Alternatively, alkyl groups may be bonded via SiOSiC bonds using siloxane chemistry to alkylchlorosilanes, alkylalkoxysilanes, and/or alkylaminosilanes at an oxide-covered surface containing silicon. The unsubstituted or fluorinated alkyl group may have a chain of a plurality of carbon atoms, preferably 1 through 6 carbon atoms, to which a CH3 or a CF3 terminal group or a plurality of CH3 or CF3 terminal groups are attached. In other words, in at least one of the hydrophobic regions, the organic terminal groups each have a chain of a plurality of carbon atoms, to which CH3 or CF3 groups are attached. The hydrophobic behavior is influenced only little by the length of the carbon chain. When working with long chains (up to 20 carbon atoms), given a high enough surface density of the organic terminal groups and a suitable chain structure, an additional stabilization may advantageously result from lateral van der Waals interactions; a self-assembled monolayer (SAM) may form. For the printing process, however, a short carbon chain and an arrangement where not every surface atom has an organic terminal group, already suffice. In other words, the arrangement may have a relatively low surface density of the organic terminal groups. Typical concentrations are between 1014 and 1011 terminal groups per cm2. Depending on the chain length, a high enough concentration must be achieved in order to attain a strong enough hydrophobicity. At the same time, the concentration should be as low as possible or necessary, since a subsequent removal of the organic terminal groups is advantageously facilitated when working with small terminal group molecules and/or a low surface density.

A higher reaction rate may be achieved when bonding methyl-containing and/or methylene-containing and/or fluorine-containing hydrophobic organic terminal groups at the surface of a printing form in a reaction with substantially more reactive, in particular radical starting molecules.
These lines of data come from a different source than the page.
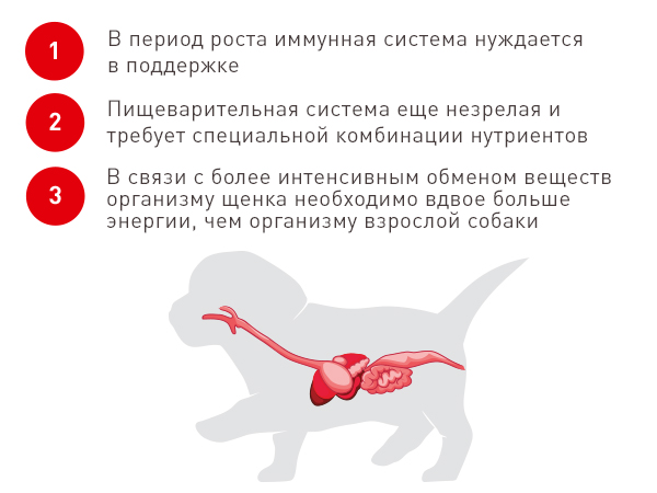 Організм цуценяти постійно росте: склад, текстура та розмір корму повинні бути адаптовані до віку цуценяти. Раціон у період росту відіграє ключову роль у морфології та здоров’ї цуценяти в майбутньому.
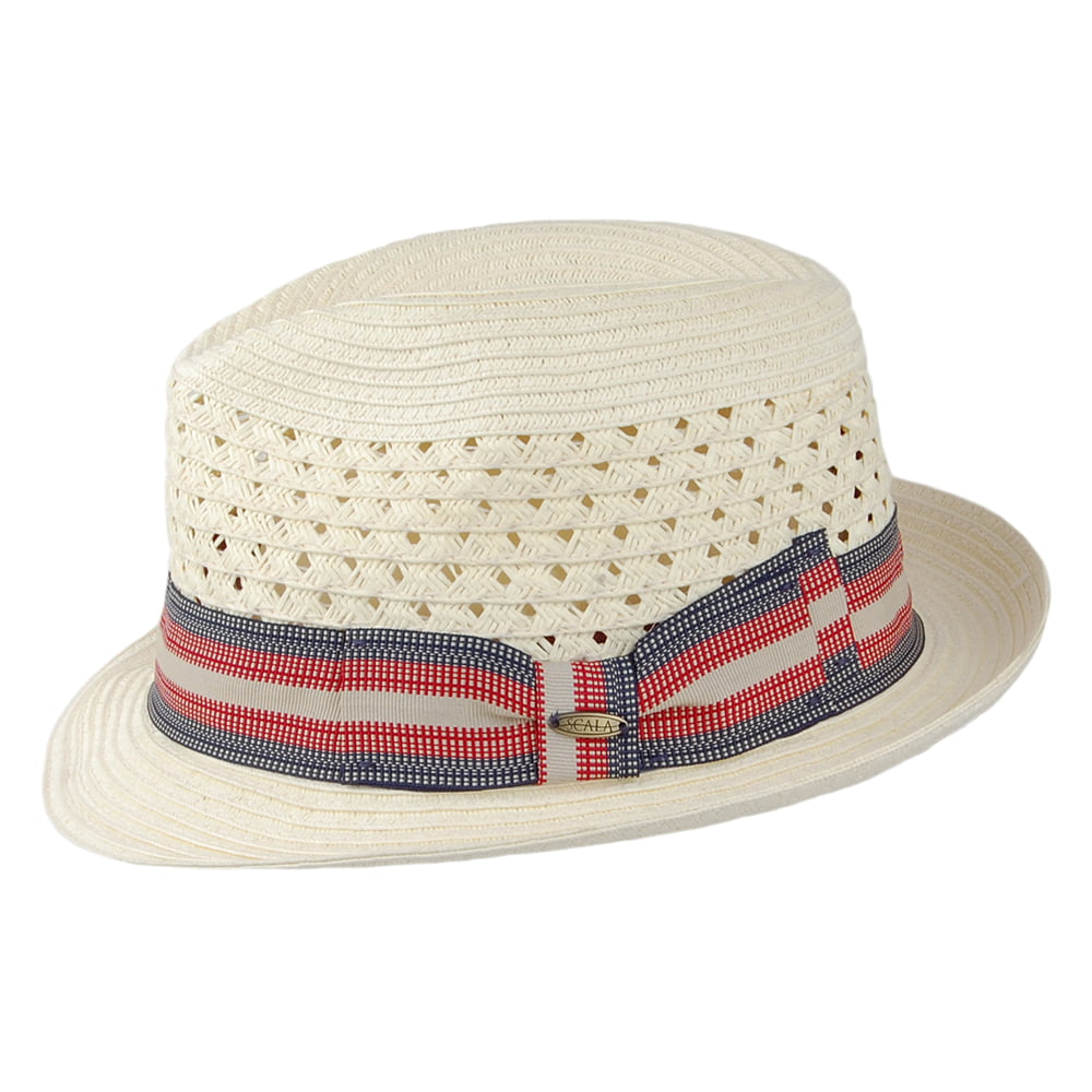 Scala Baytown Vented Fedora Hut aus geflochtenem Papier - Elfenbein
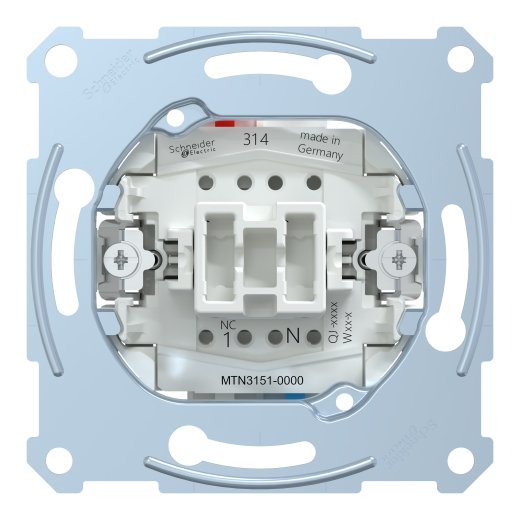 Механизм Merten 2-кнопочного 1-полюсного выключателя с 1 размыкающим и 1 замыкающим контактом.
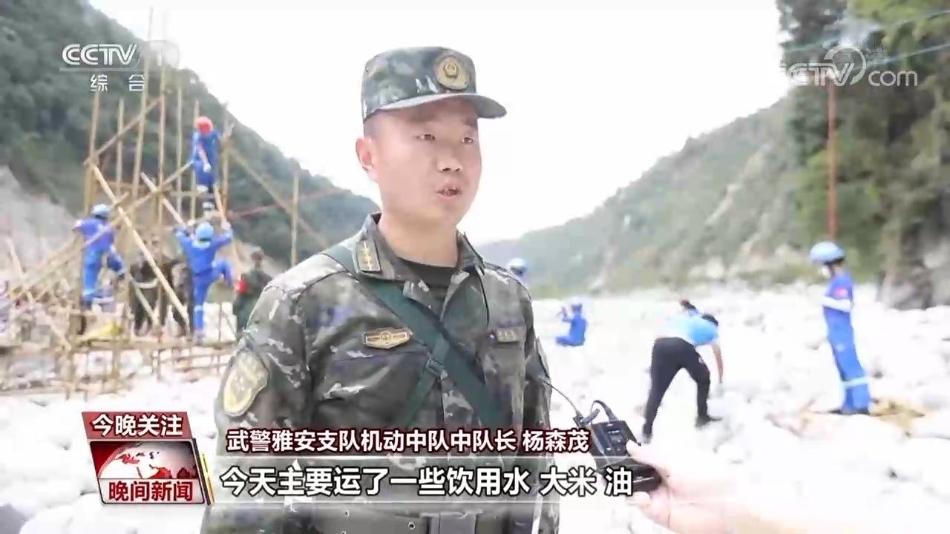 余震阻断道路 消防员搭绳桥翻越垮塌点
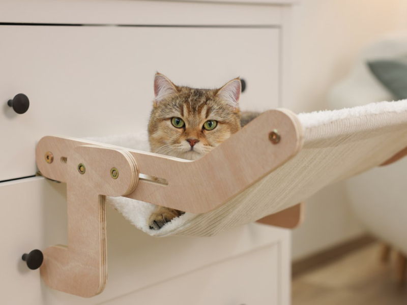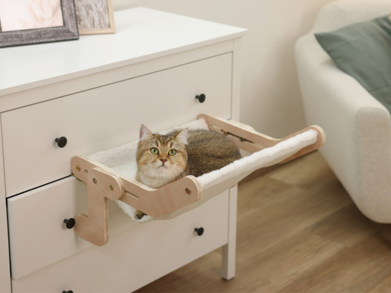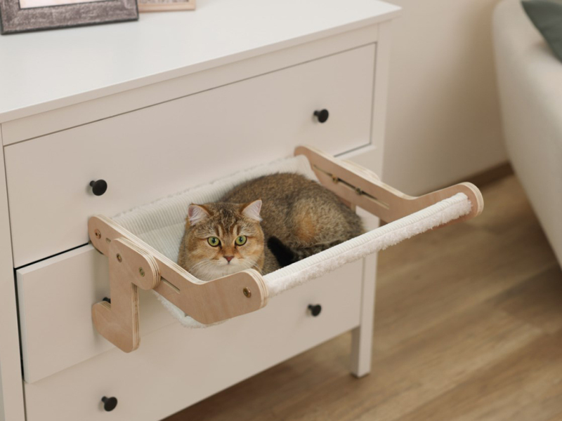 Tento vkusný a elegantní kousek si získá srdce všech hravých koček. Lehátko není jen zábavním místem, ale také útulným pelíškem, ze kterého si Vaše kočka může užívat pozorování okolí nebo si spokojeně zdřímnout. Lehátko je velmi snadné připevnit či naopak odstranit, navíc bez nutnosti vrtání. Potah je snímatelný a lze ho prát v pračce na 30°C.Lehátko je možné připevnit k posteli, komodě, skříni, zásuvek apod. za pomocí uzamykatelné podpěrné nohy pro přizpůsobení.
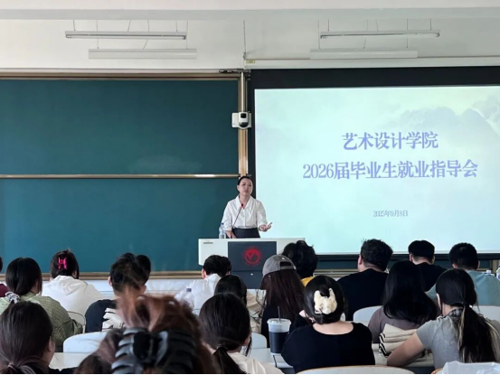 会议伊始,侯天放老师对当前就业市场及艺术设计行业发展趋势作出深入剖析,引导同学们树立科学合理的就业观与择业观,并鼓励大家立足专业特长,积极拓展就业渠道,牢牢把握“金九银十”秋季招聘黄金期。她还特别强调,要明确考研目标,统筹规划升学与就业,理性选择发展方向。
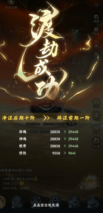 本作有着离线自动修炼机制,现实一日就等于闭关百年,不需要大家每日高强度上线,睡醒就能轻松拿到百年修为,再加上简单的竖屏操作,洞府建设、法宝淬炼等关键行为都能简单指尖滑点完成,利用碎片化时间变强,从炼体、筑基到金丹,享受境界跃迁的爽感。
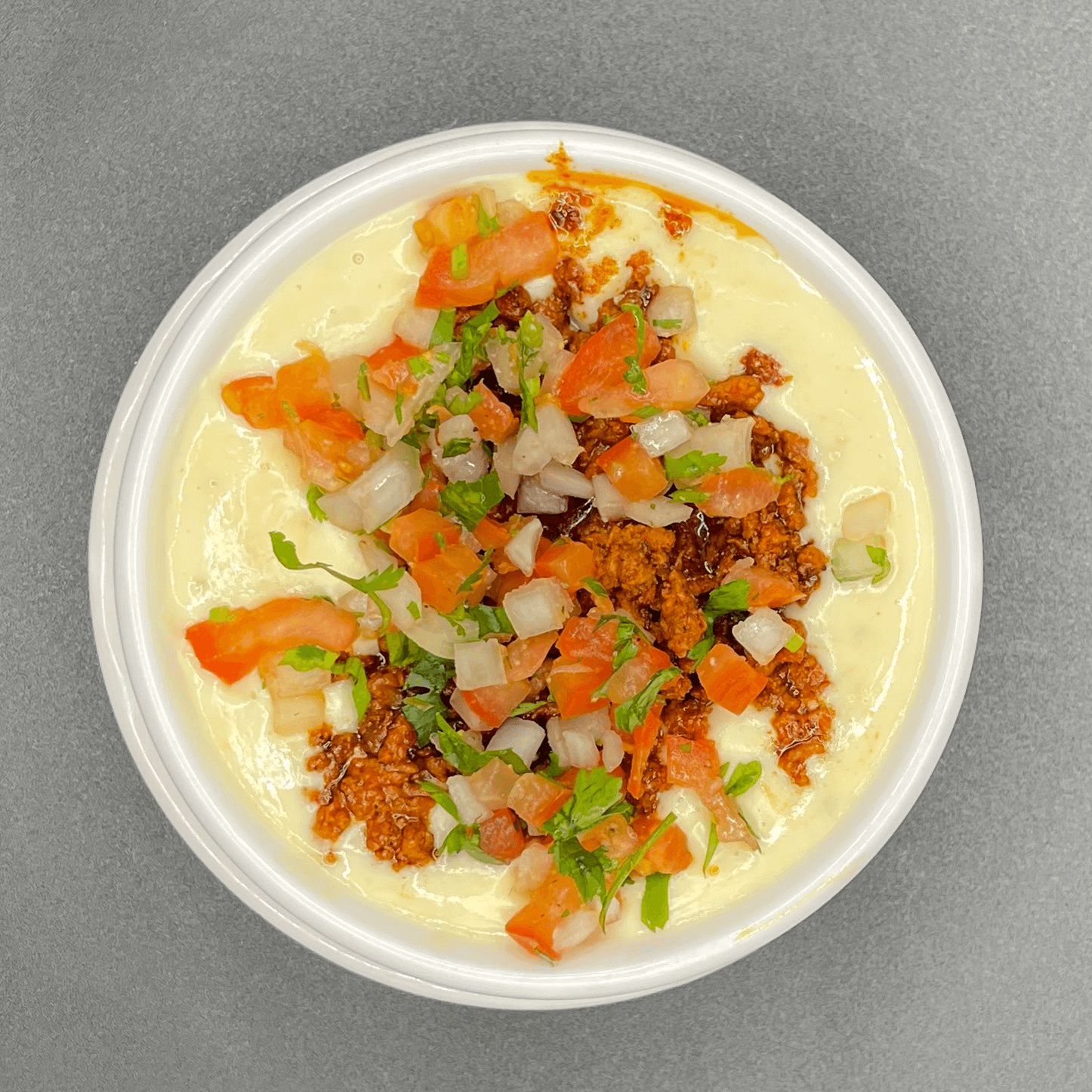 Cheese Dip with ground Beef ad Pico De Gallo.
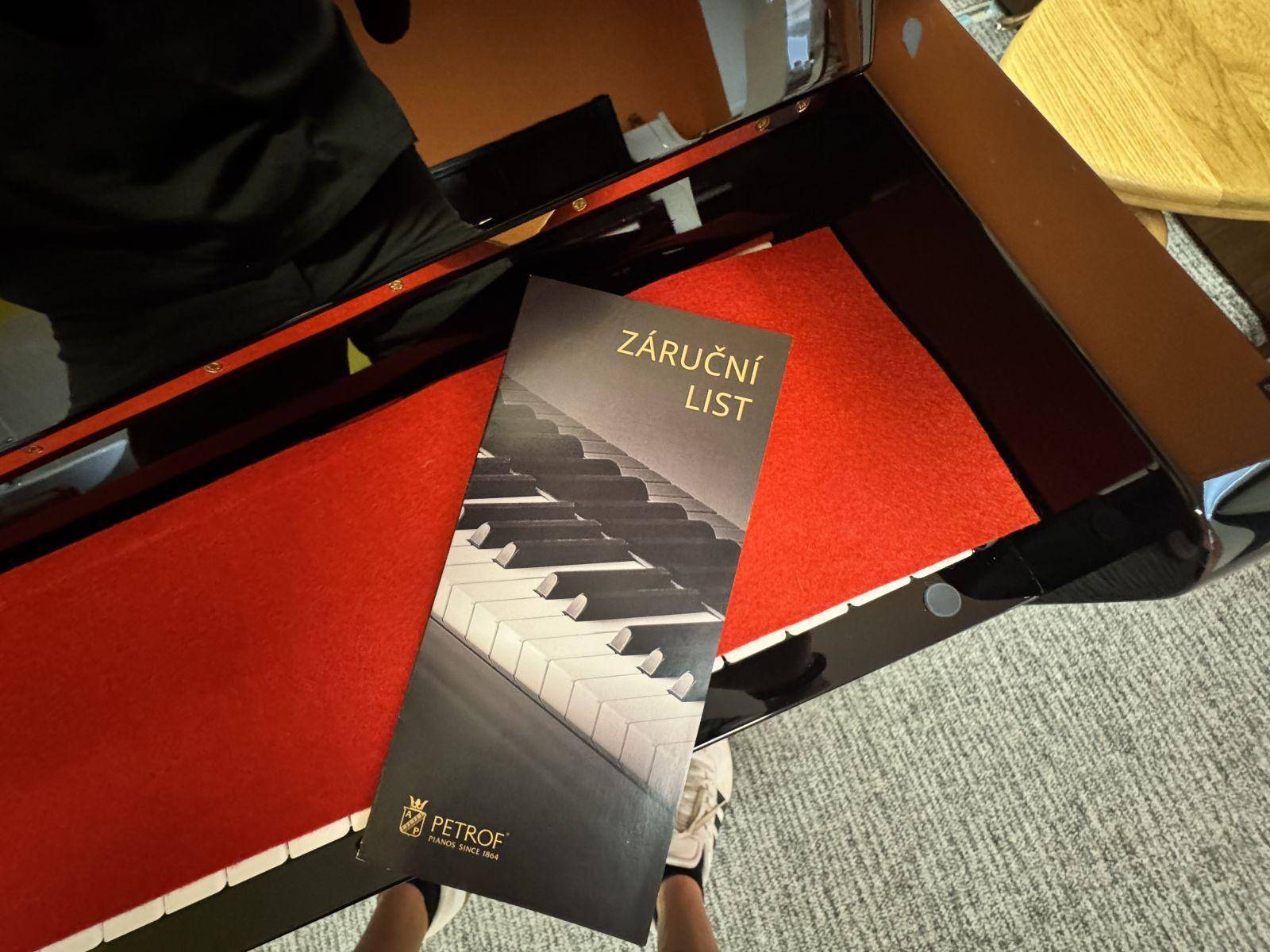 Petrof 118 P1 Nový nástrojProdáno Pianino v tovární záruce. Nabízíme k prodeji pianino Petrof 118P1 v provedení černý vysoký lesk. Původní majitel jej vlastnil 9 měsíců. Pianino v tovární záruce. Vybavené kladívky Louis Renner, ladění 442Hz, samozřejmostí je celková regulace apod. Písemná garance po dobu 5 let. Záruční a pozáruční servis, doprava do 100km v ceně nástroje. Stěhování dle dohody. K pianinu náleží cesrtifikace použitých materiálů a orig. produktu Petrof. Pro více informací nás neváhejte kontaktovat. | |
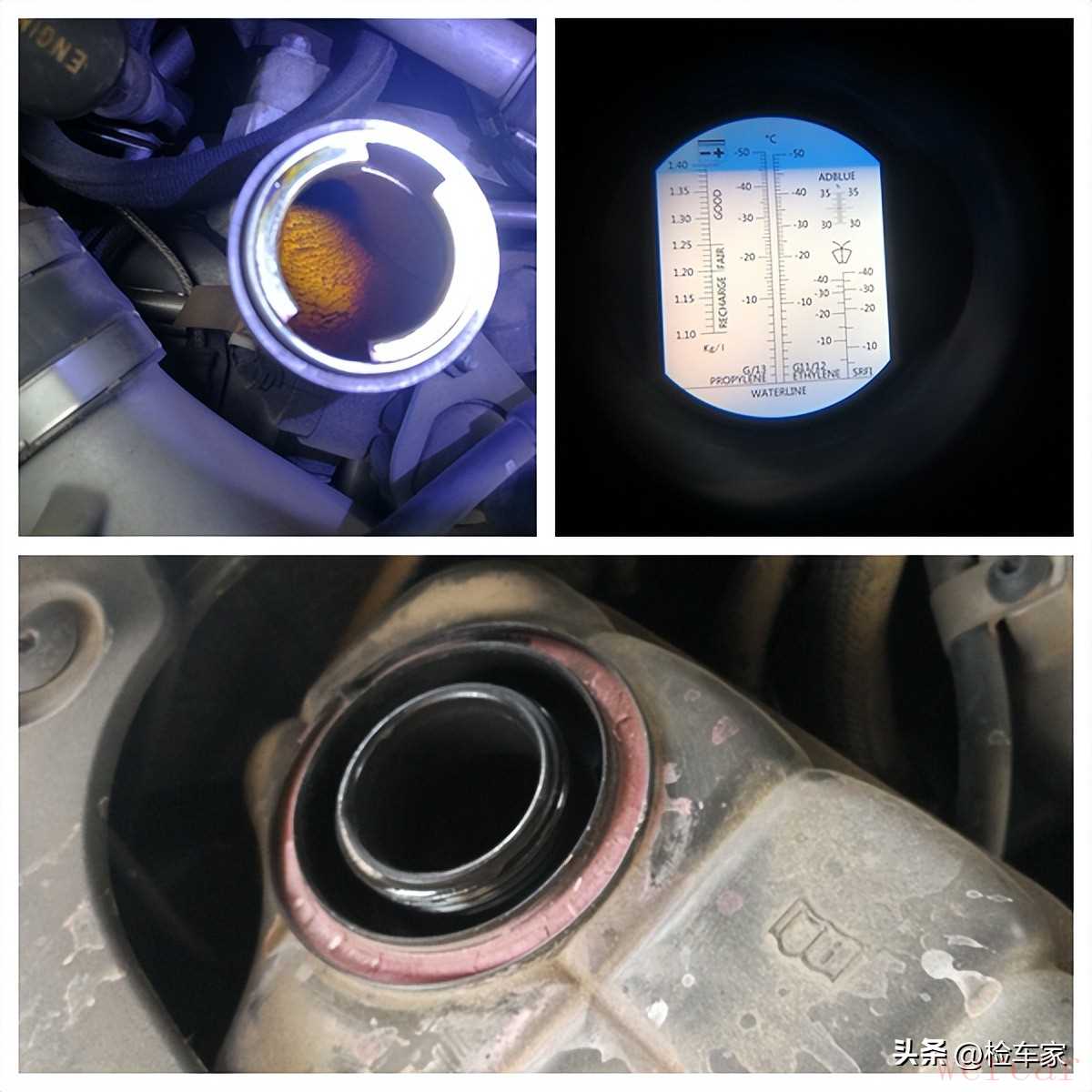 机油加注口不存在积碳油垢,冷却液的冰点也够了,就是水壶壶口有冷却液干涸的痕迹,之前可能漏液了!目前液位也有点低,需要及时添加!
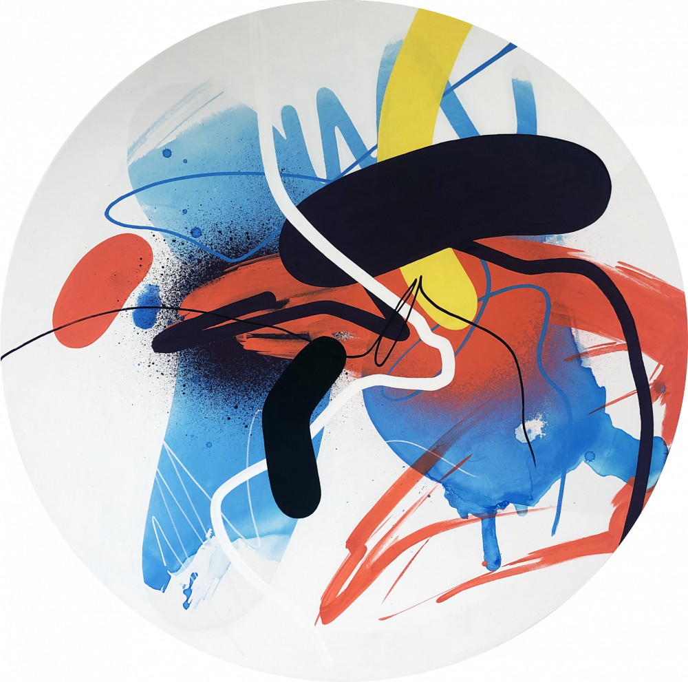 The artwork is filled with the fascination with lines that develops into an infinite variety of shapes in an abstract composition. At the beginning of each painting, there is a random blot at first glance, although there is no place on the canvas of coincidence and everything has a fixed order.
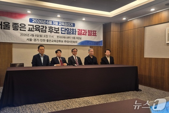 '서울·경기·인천 좋은교육감후보 추대시민회의'시민회의는 6일 한국프레스센터에서 기자회견을 열었다.오는 6월 서울시교육감 선거를 앞두고 보수 진영…
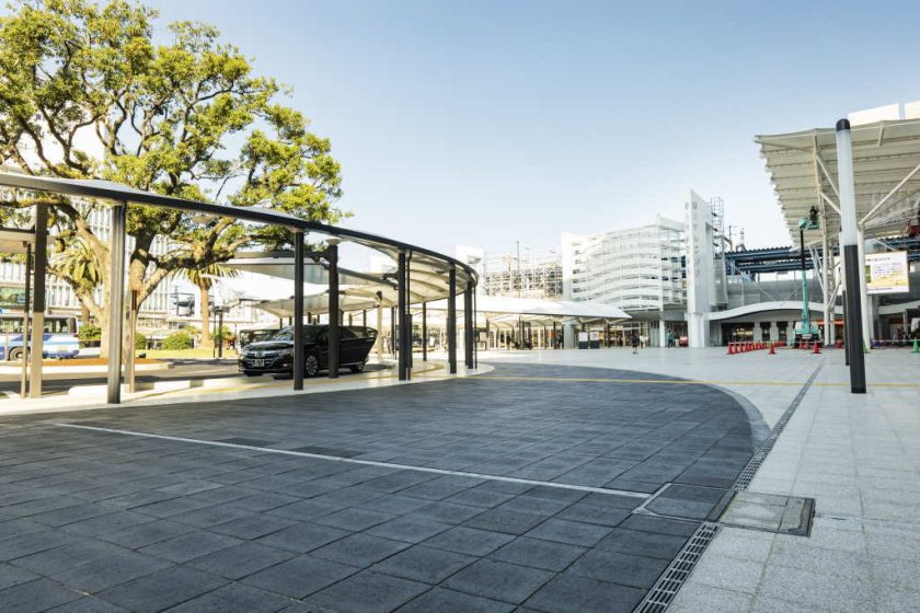 駅前広場ということもあり、色んな方が訪れて利用しやすい300角の大判のレンガを使用しております。
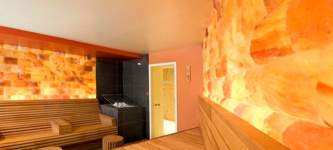 Для удешевления варианта отделки бани плитами из гималайской соли можно ограничиться фрагментарным декорированием стен. Лучше всего применять этот материал в отделке предбанников, а не парных. В них значительно проще поддерживать необходимую для сохранения целостности материала влажность.
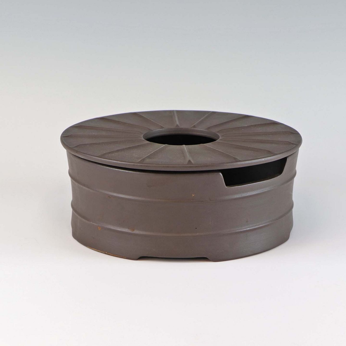 Stellet Flamestone har hvidt glasur indvendigt og ydersiden er i rå uglaseret stentøj

For example, an organic terminal group may be bonded by reaction with iodoform and/or with trimethylenemethane derivatives, which may occur in a triplet and/or in a dipolar singlet state. For the practical handling of such reactive substances, it is advantageous to use a stable precursor molecule. This is advantageously 1,1-dialkoxy-2-methylenecyclopropane (DMCP). From methylenecyclopropane derivatives, dipolar trimethylene derivatives may be produced by thermal or irradiation processes. Further advantages, advantageous specific embodiments and further refinements of the present invention are described on the basis of the following examples.

The first example relates to a bonding of a hydrophobic layer to alkyl terminal groups or fluoroalkyl terminal groups through SiC bonds. The SiC bonds exhibit a relatively high stability.

Reactive hydrocarbons, such as alkenes and/or alkynes, may be deposited through photoactivation directly on silicon while forming SiC bonds (≡SiR). In other words, R terminal groups are formed at or bonded to silicon surface atoms, R signifying an aryl group or an alkyl group. The starting point for such a bonding may quite advantageously be a hydrogen-terminated silicon surface. The document WO 00/21753 describes a method for obtaining a hydrogen-terminated silicon surface of this kind. This document is incorporated by reference in the disclosure of this specification. The problem of the relatively slow course of the reaction, during which, under normal conditions, a partial oxidation of the silicon surface may set in at the same time, may be countered by using pure chemicals and reactive precursor molecules, such as free radicals. When reactive precursor molecules of this kind are used, the alkylation process is considerably accelerated.

Starting out from a substantially uniform, stable termination of the surface using aryl groups or alkyl groups or fluorinated aryl groups or alkyl groups, for purposes of imaging using laser irradiation, the surface may be oxidized and thus hydrophilized in a spatially selective manner, thus in partial regions. Finally, the image may be erased in that the entire surface is oxidized and/or again hydrogen-terminated, returning it to its original state.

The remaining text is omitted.